Back in college I made a few E3 game trailer mashup videos. It wasn’t very technically challenging, just good practice and a bit of fun picking my favorite moments and preserving them to some music. I dropped it after 2006 because the work was getting to be too much for the fun it was offering.
It felt like it was going to be fun to do one this year, with this generation of consoles hitting their stride and some updated consoles on the horizon.
Then the Pulse nightclub shooting happened, literally hours before the video game festivities were going to begin.
When I first heard about the shooting, it was a little shake of my head and a sigh before going back to whatever else was going on that morning. It didn’t even phase me. America, at it again. As the details, horror, and magnitude of the situation filtered in, it started to rip at me. It transformed the weeks to come, living in and working in Orlando. Even the digital highway signs read “#OrlandoUnited” around town. It was simultaneously a sense of dread and a strange affirmation.
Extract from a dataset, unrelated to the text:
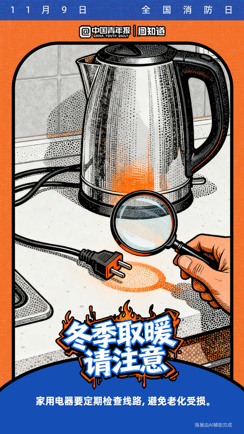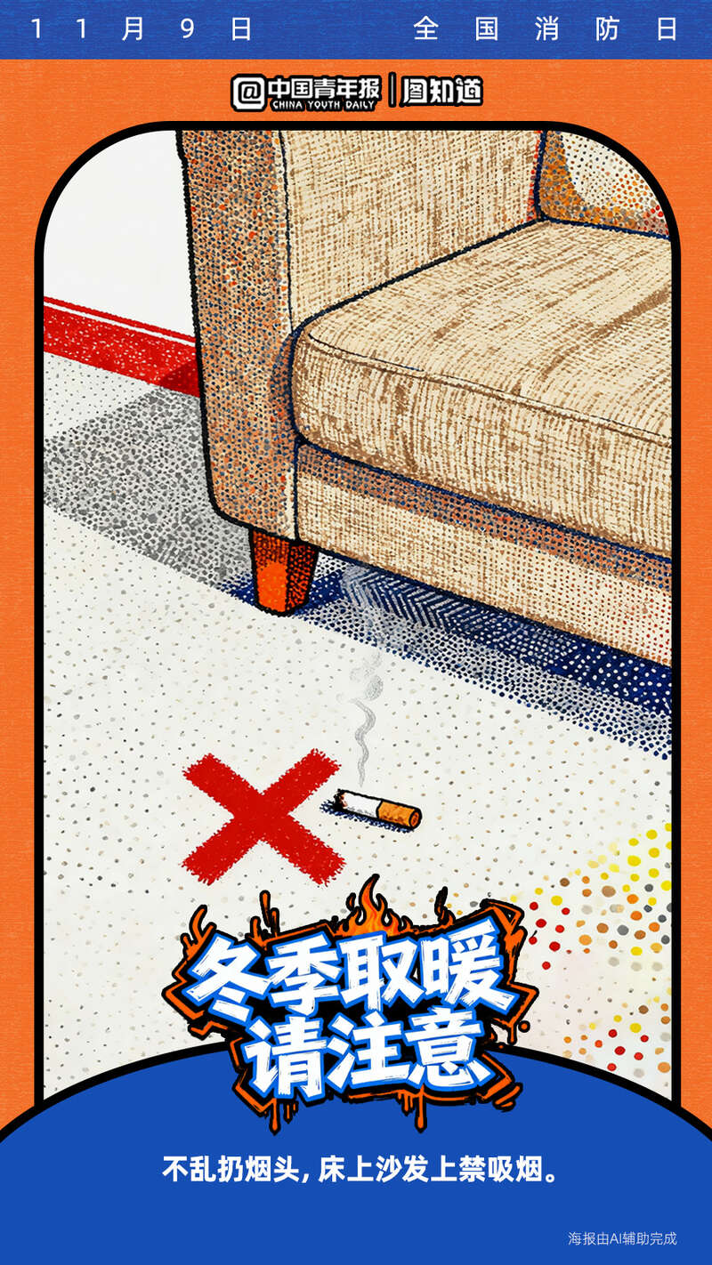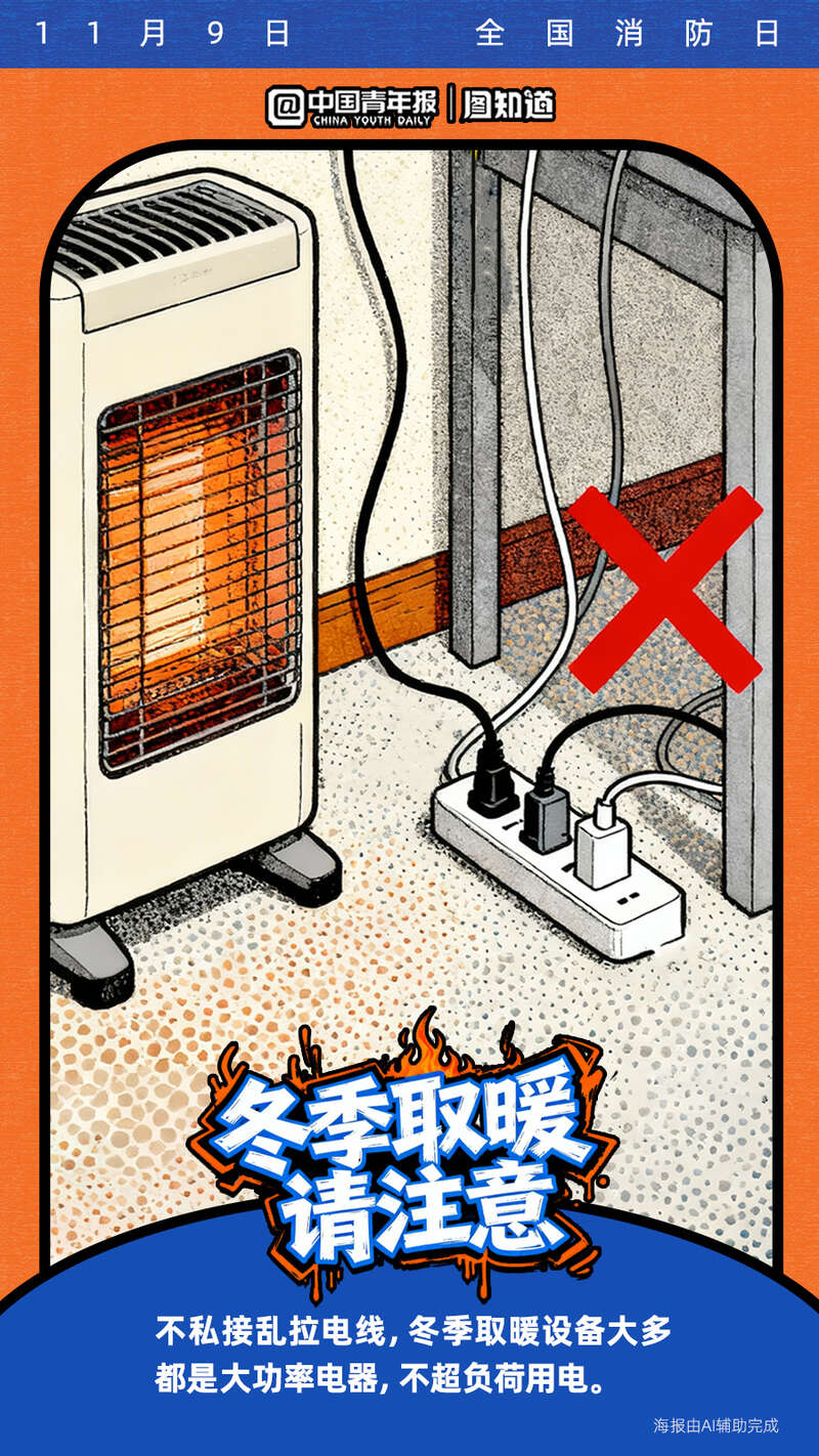 今天是11月9日全国消防日。寒冷的冬季已经到来,很多取暖器如果被不当使用将暗藏隐患!电热毯、取暖器等怎么用才安全?遇煤气泄漏该如何处理?收藏这份冬季取暖安全指南,速戳海报get消防安全知识点!

E3 wasn’t the same after. How do you demo a dance club gunfight after something like that? Almost every presser started with a moment of silence or acknowledgement that the industry stood with the victims and LGBT fans. Almost every presenter wore a rainbow ribbon on their lapels to show their support. It felt a bit like insurance from backlash at the violence they would focus on in their games, but it felt mostly genuine. E3 was fantastic this year.
I have tried for the last few months to find a way to mash these two events together into some meaningful, touching video. E3 means so much to me; the shooting left me feeling numb. Was there some crossover here? Something to say about glorifying gun violence, or escapism, or the way games model anger and comfort? I picked a song, sliced it in Premiere, collected clips from YouTube of news coverage, game trailers, anti-gay propaganda, and threw it all together, repeatedly, hoping I could get it to stick.
It never did. I spent too many nights at work trying to make it work (including tonight), trying to say something. I’m admitting defeat tonight. All the clips and the project files are in the trash now. But it hurts so much to walk away from something like this where I needed to say something. So here I am, saying a few things.